Fundamental Rules of Performance
Eric Gunnerson had a good post on performance here. He is addessing the specific issue of the performance of generics, but lays out general principles:
(1) But for the majority of applications, this isn't the case. Performance is rarely dominated by small decisions, such as whether you use an ArrayList or a List<int> to store your data. It's usually dominated by algorithmic concerns - how you process data, how much redundant processing you're doing, etc.
(2) Note that I'm not saying that you should put performance off until the end - that rarely works, as time at the end is fairly precious. I think you should focus on macro performance rather than micro performance.

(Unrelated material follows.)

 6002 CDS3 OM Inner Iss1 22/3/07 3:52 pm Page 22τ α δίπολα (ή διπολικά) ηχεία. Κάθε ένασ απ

I would add a third fundamental rule, one that I learned many eons ago from the classic book The Elements of Programming Style by Kernighan and Plauger and have verified from many years of experience since then:
(3) Make it right before you make it faster.
Let me give you a classic example of this rule, from a real-world project. Several years ago I had a project to develop an interactive development environment for an industrial robot. This included an environment for writing and managing robotic programs written in a proprietary language, as well as a compiler for that langauage and a real-time debugger that executed the program and communicated with the robot controller (eg breakpoints). Of course, I wrote 99% of this application in VB6 :-)

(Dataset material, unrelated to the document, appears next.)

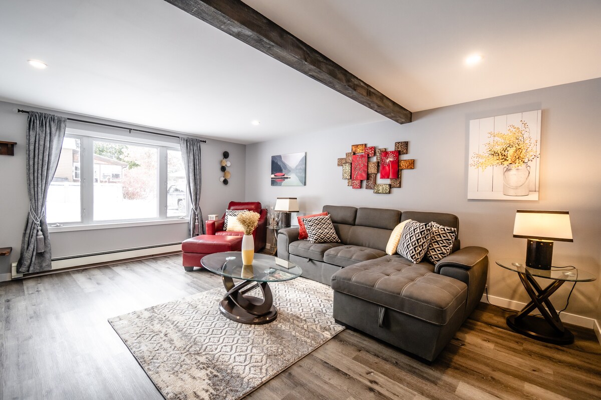Votre famille sera proche de tout lorsque vous séjournerez dans ce logement situé au centre. À distance de marche des plages au bord de l'eau et des commerces et restaurants du centre-ville. Cet appartement en sous-sol est situé dans un triplex qui a été entièrement rénové tout en conservant le charme de cette maison du siècle. L'appartement dispose de sa propre sortie et entrée, d'un concept ouvert lumineux et élégant.

Yes, I wrote a real compiler in VB6. Of course, I knew that compilers are very string intensive, and that the performance of string manipulations wasn't exactly VB6's strongest feature. However, I also knew that developing the compiler and verifying its correctness was the real challenge here and I figured I could rewrite the string handling portions of it in C, once it was all working correctly.
Of course, that day never came. The performance of the VB version was just fine and the client was thrilled to have a fully-functional version that much sooner. If I did need to improve performance, rewriting that part in C would have been pretty trivial and the compiler was already proven to be correct.